Un des problèmes majeurs, c'est que le racisme est devenu une telle tache morale dans notre société qu'être taxé de raciste est la pire des infamies. Si bien que quand on commet involontairement un impair raciste, on est persuadé que notre interlocuteur nous met immédiatement dans le camp du KKK. Et donc par réflexe, on va trouver plus simple de nier l'existence du problème plutôt que de s'avouer un petit peu raciste. Car Robin DiAngelo part du principe que tout le monde est raciste, puisque le système blanc au complet l'est. Elle même commet des bourdes racistes dans ses ateliers ou ses interactions avec ses collègues non-blancs. La bonne volonté et la sensibilité ne suffisent pas. Ainsi je me perçois comme un non-raciste, pourtant j'ai retrouvé plusieurs de mes réflexions dans les exemples que l'auteure pointe pour montre nos petits biais cognitifs (dont le fameux "Heureusement, nos enfants sont moins racistes", qui permet de se dédouaner, alors que dans les faits, nos gamins reproduisent notre inertie raciale qui permet au racisme ambiant de se maintenir en place).
Un des concepts que je ne connaissais pas, c'est les larmes des blanches. C'est le fait que face à une injustice raciale, une blanche va plus facilement se mettre à pleurer publiquement. Dès lors, l'attention du groupe se détourne du non-blanc qui est en train de subir une iniquité pour se focaliser sur le réconfort de la blanche.
Les solutions ? Il n'y en pas. En fait, l'auteure insiste sur un point particulier : ce n'est pas aux non-blancs de nous dire quoi faire. Ils ont déjà assez de merdiers à gérer quand ils doivent cohabiter avec nous, ce n'est pas à eux que revient la charge de faire notre éducation. Donc c'est à nous de prendre conscience de nos biais, de facilité la mixité, de ne surtout pas prendre la lumière quand un non-blanc est confronté à un problème... Et le plus dur, à mes yeux : dénoncer le racisme quand on en est témoin. Car nous sommes programmés pour ne pas faire de vague. La mécanique sociale va punir celui ou celle qui remet en question les règles raciales tacites.
Évidemment, il est possible de repousser tout cela de la main en prétextant que tout ça, c'est la réalité raciale des États-Unis et du Canada. Pourtant Robin DiAngelo appuie une partie de sa réflexion sur la notion d'habitus développée par Bourdieu. Et même si l'Europe n'a pas exactement la même expérience vis-à-vis du racisme, les constats fait par l'auteure s'appliquent des deux côtés de l'océan.
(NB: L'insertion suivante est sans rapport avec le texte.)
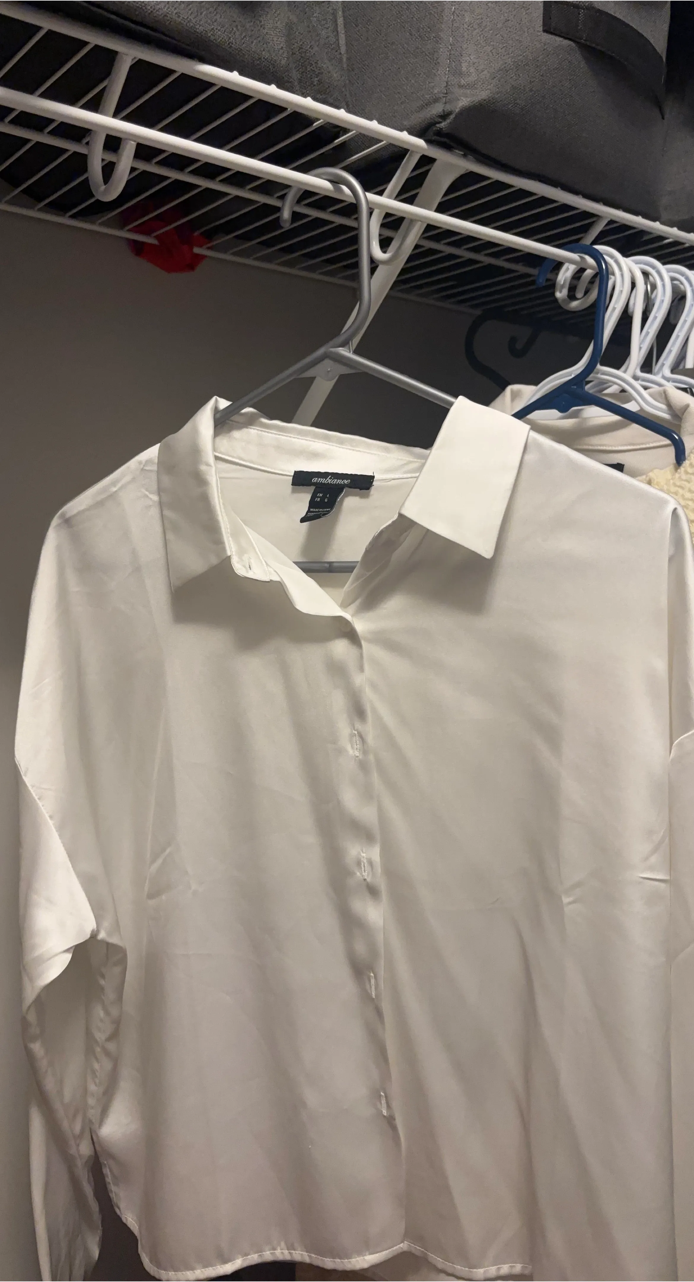 A classic white button-up shirt from Ambiance. It's a size L. This shirt offers a polished look.

Il serait facile de terminer en vous disant que c'est une lecture "coup de poing", une prise de conscience "salutaire" ou je-ne-sais-quel lieu commun journalistique qui cochera tous les cases des gens qui dénoncent la bien-pensance. Je pense au contraire que c'est le genre de bouquin qui ne convainc que les lecteurs ayant déjà entamé une prise de conscience sur le sujet. Je n'imagine pas un lecteur hostile lire un livre qui s'intitule si frontalement "fragilité blanche" et avoir une épiphanie (mais c'est sans doute un a priori de ma part). Par contre, si vous avez déjà suivi des ateliers liés à la mixité ou aux biais culturels, c'est un ouvrage qui permet de mieux comprendre les réactions épidermiques de certains, la frilosité du groupe, le scepticisme des non-blancs face à l'exercice et nos propres contradictions de gens bien intentionnés qui perpétuent malgré tout le racisme institutionnel.
"Je pense au contraire que c'est le genre de bouquin qui ne convainc que les lecteurs ayant déjà entamé une prise de conscience sur le sujet" : je suis bien d'accord et c'est même sans doute pire. Le principe de la logique du "check tes privilèges", qu'ils soient raciaux, sexuels ou autres, me semble surtout avoir pour effet de développer la conscience de l'intérêt à les conserver.
RépondreSupprimerCe passage du petit blanc de la classe en soi à la classe pour soi me paraît une perspective beaucoup plus réaliste à long terme, l'être humain étant ce qu'il est, que la spéculation sur la mauvaise conscience à laquelle beaucoup de défenseurs de l'égalité semblent faire aujourd'hui une confiance extrême.
J'avoue que, tactiquement, je ne les comprends pas du tout.